Would you copy exactly the lines in the data below from the one that has "Hết con dốc" through the one that has "La copertura per", dropping any pictures?

[Data for this task Boundary: Start]

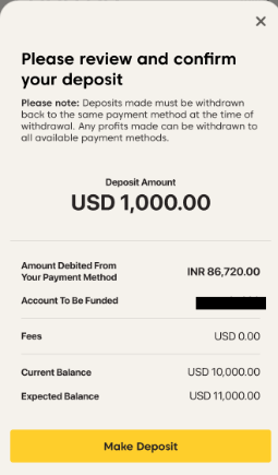 - अगले पेज पर अपने विवरण की समीक्षा करें और "Make Deposit" पर क्लिक करें।
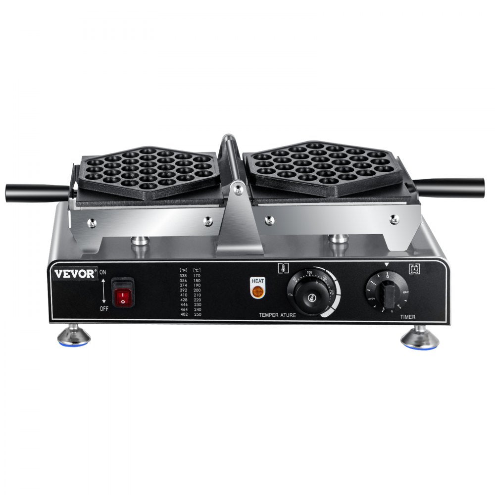 Experience the convenience of our 1500W bubble waffle machine, expertly designed for both home kitchens and commercial settings This machine features dual reversible plates that ensure quick heating and even baking, producing a delightful hexagonal egg waffle in just 5 minutes You can finely tune your baking with adjustable temperature and timer knobs located on the base for precise control Crafted from robust stainless steel, with aluminum plates coated in nonstick Teflon, this waffle maker is not only built for longevity but also easy to maintain.
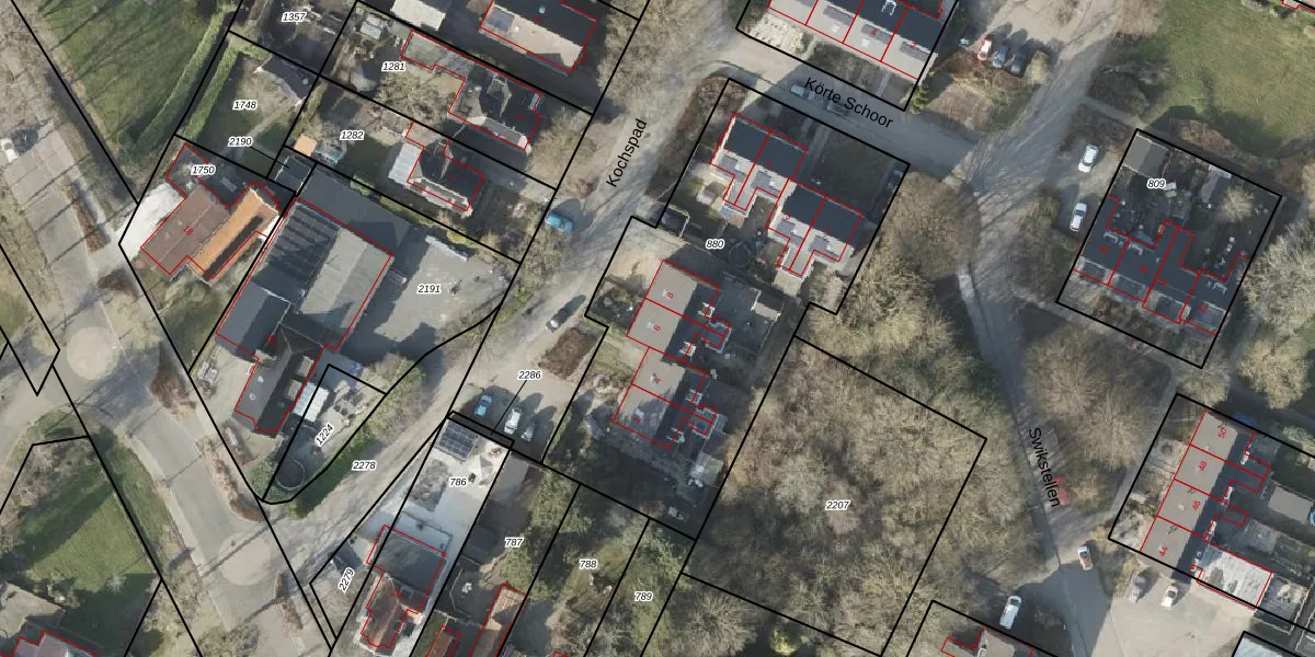Het perceel waarop Kochspad 6 staat heeft een oppervlakte van 1888 m². Dit is een zeer groot perceel. De perceeloppervlakte wordt geregistreerd door het Kadaster. Gedetailleerde informatie over de maten van dit perceel kunt u vinden in het rapport Kadastrale kaart met maatvoering van Kochspad 6.
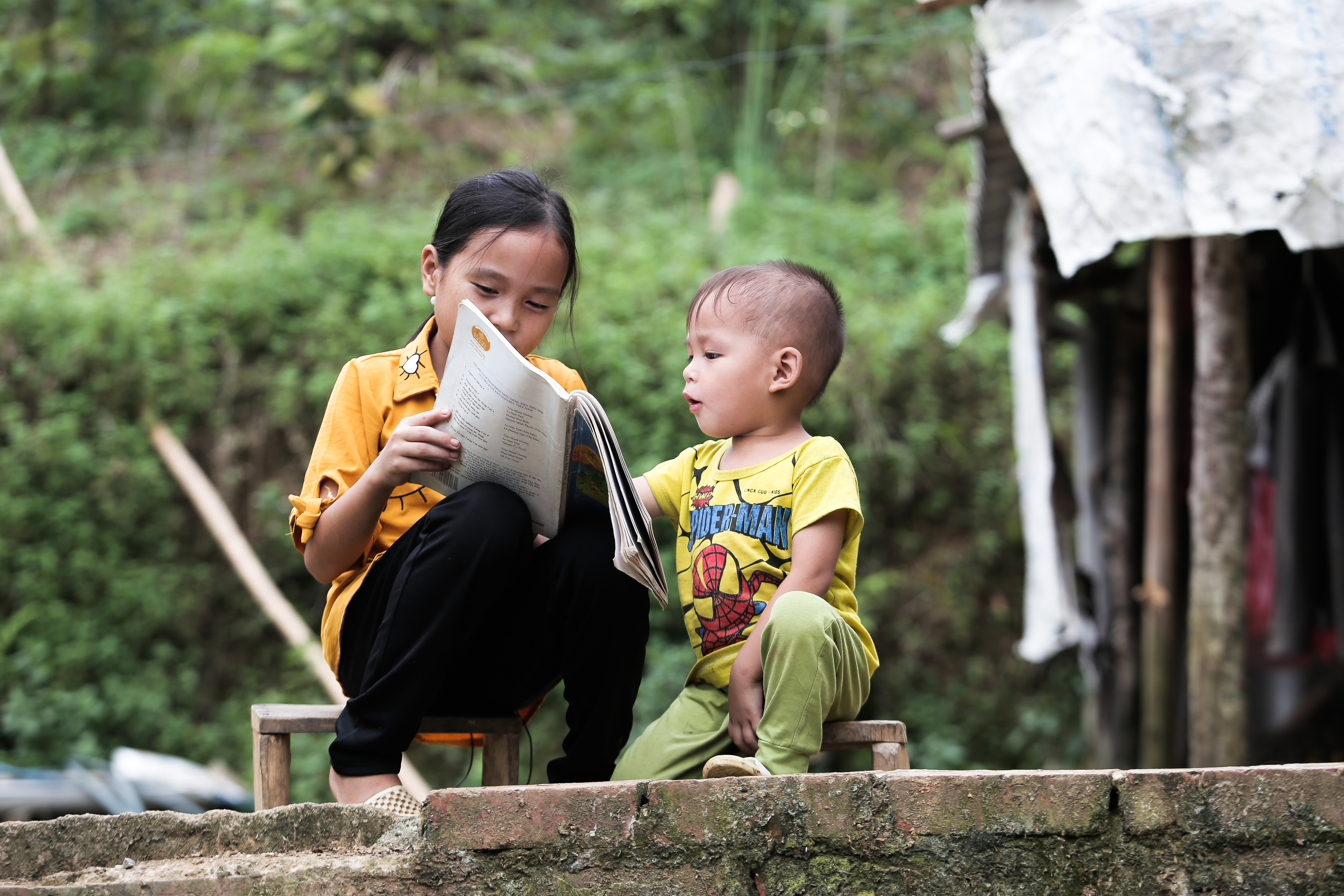 Hết con dốc lại đến con suối. Lan bảo, con suối là “ác mộng” của em vào mỗi mùa mưa. Khi ấy nước suối dâng cao, chảy siết, người lớn qua còn khó. Em có qua được thì cũng ướt nhẹp đến đầu gối, nước bắn tung tóe lên sách vở. Mùa khô này, nước chỉ chạm cổ chân, Lan vẫn có thể vừa cõng em vừa khéo léo ven theo hàng sỏi cao để sang bờ bên kia. Cậu em trai nằm im trên lưng chị, ngoan ngoãn ôm lấy cổ chị.
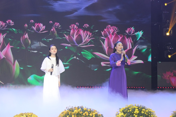 Tiết mục Dân ca Ví, Giặm Nghệ Tĩnh do NSND Hồng Lựu và Ca sĩ Hà Quỳnh Như thể hiện. Ảnh Phong Hồ
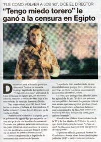 "Tengo miedo torero" le ganó a a la censura en Egipto "Fue como volver a los '80", dice el director/ [artículo] : La Segunda (Diario : Santiago, Chile)-- nov. 12, 2020, p. 21. .
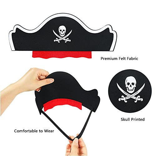 La copertura per l'occhio del teschio e l'orecchino d'oro sono realizzati in plastica, affidabile e leggera, la collana a catena con ciondolo è in metallo, resistente e durevole e il cappuccio del pirata con teschio è in raso, assemblato con un cinturino elastico nero che avvolge la testa, comodo da indossare.
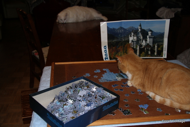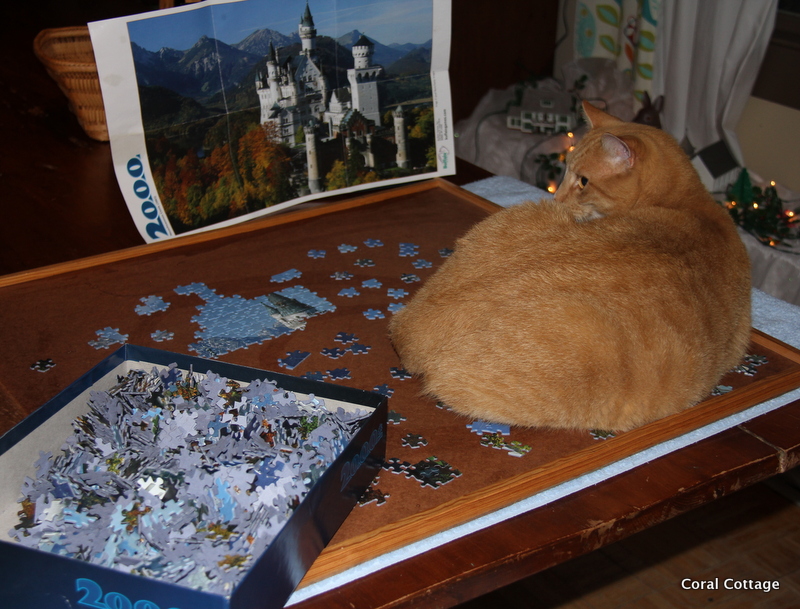 1. Sounds like you have a stash of fabulous puzzles. I haven’t made any progress with mine at all. I have to keep moving the board it is on from place to place, so it isn’t in the way, or a cat isn’t sleeping on it…
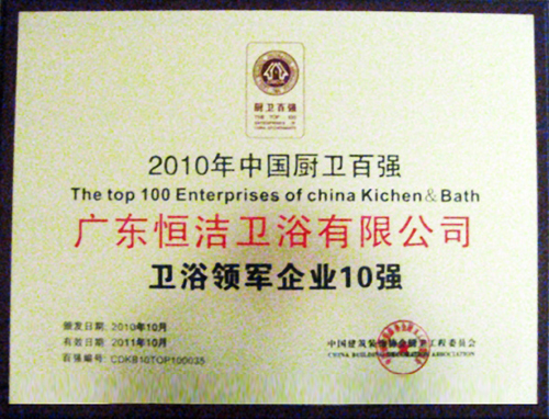 恒潔衛(wèi)浴入選“2010年中國(guó)廚衛(wèi)百?gòu)?qiáng)企業(yè)” 一方面表明恒潔衛(wèi)浴的行業(yè)地位得到了行業(yè)內(nèi)部和消費(fèi)者的充分肯定,另一方面也是恒潔衛(wèi)浴多年來孜孜不倦、嚴(yán)格要求的品質(zhì)見證。
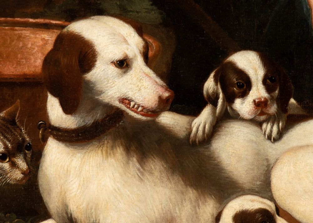 La sigla Maestro degli armenti, come quelle alternativamente adottate di Pseudo-Salini, Maestro di Baranello e da ultimo Maestro del Bacco, è il frutto della necessaria scomposizione del vasto e confusissimo corpus che fino a pochi decenni fa era radunato sotto il nome di Tommaso Salini. Caratteristica costante delle opere reclutate all'interno di questo nome fittizio, che quasi certamente dovrà in futuro essere ulteriormente scomposto in più personalità distinte, è la presenza, accanto alla figura principale (per lo più figure singole di giovani pastori o contadini), di animali domestici e da cortile. Questi ultimi, peraltro, potrebbero talora non essere della stessa mano, tant'è che in alcuni esemplari si è ritenuto di riconoscere l'intervento di Jacob van der Kerckhoven, noto anche come Giacomo Castello (1636-1712 c.), consentendo così di spostare alla seconda metà del Seicento l'attività dello stesso Maestro degli Armenti. In ogni modo nelle opere a lui assegnate è evidente la presenza di elementi romani post-caravaggeschi (Salini e Spadarino) ma anche napoletani (Sellitto). Il nostro dipinto si lega ad altri numeri riferiti al Maestro degli Armenti come il Pastore musico e animali, il Pastore con cani e fiasche e la Donna con pollame, tutti in collezione privata. Meritano di essere specificamente segnalate nella nostra tela la qualità omogeneamente alta della riproduzione degli animali, fra i quali sono ricorrenti il gatto e la scimmietta, il bel volto ancora latamente caravaggesco del ragazzo, nonché il profondo paesaggio sul lato sinistro, col lungo corso d'acqua che si perde sulla linea dell'orizzonte.
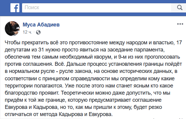 "Дальше процесс установления границы пойдёт в нормальном русле - русле закона, на основе исторических данных, в соответствии с принципом справедливости мы определим кому какие территории полагаются. Уже после этого нам станет ясным кто какое благородство проявит. Теоретически можно даже допустить, что мы придём к той же границе, которую предусматривает соглашение Евкурова и Кадырова, но то, как мы пришли к этому, будет резко отличаться от метода Кадырова и Евкурова", - написал Абадиев 29 ноября на своей странице в Facebook.

[Data for this task Boundary: End]

### Expected answer:
 Hết con dốc lại đến con suối. Lan bảo, con suối là “ác mộng” của em vào mỗi mùa mưa. Khi ấy nước suối dâng cao, chảy siết, người lớn qua còn khó. Em có qua được thì cũng ướt nhẹp đến đầu gối, nước bắn tung tóe lên sách vở. Mùa khô này, nước chỉ chạm cổ chân, Lan vẫn có thể vừa cõng em vừa khéo léo ven theo hàng sỏi cao để sang bờ bên kia. Cậu em trai nằm im trên lưng chị, ngoan ngoãn ôm lấy cổ chị.
 Tiết mục Dân ca Ví, Giặm Nghệ Tĩnh do NSND Hồng Lựu và Ca sĩ Hà Quỳnh Như thể hiện. Ảnh Phong Hồ
 "Tengo miedo torero" le ganó a a la censura en Egipto "Fue como volver a los '80", dice el director/ [artículo] : La Segunda (Diario : Santiago, Chile)-- nov. 12, 2020, p. 21. .
 La copertura per l'occhio del teschio e l'orecchino d'oro sono realizzati in plastica, affidabile e leggera, la collana a catena con ciondolo è in metallo, resistente e durevole e il cappuccio del pirata con teschio è in raso, assemblato con un cinturino elastico nero che avvolge la testa, comodo da indossare.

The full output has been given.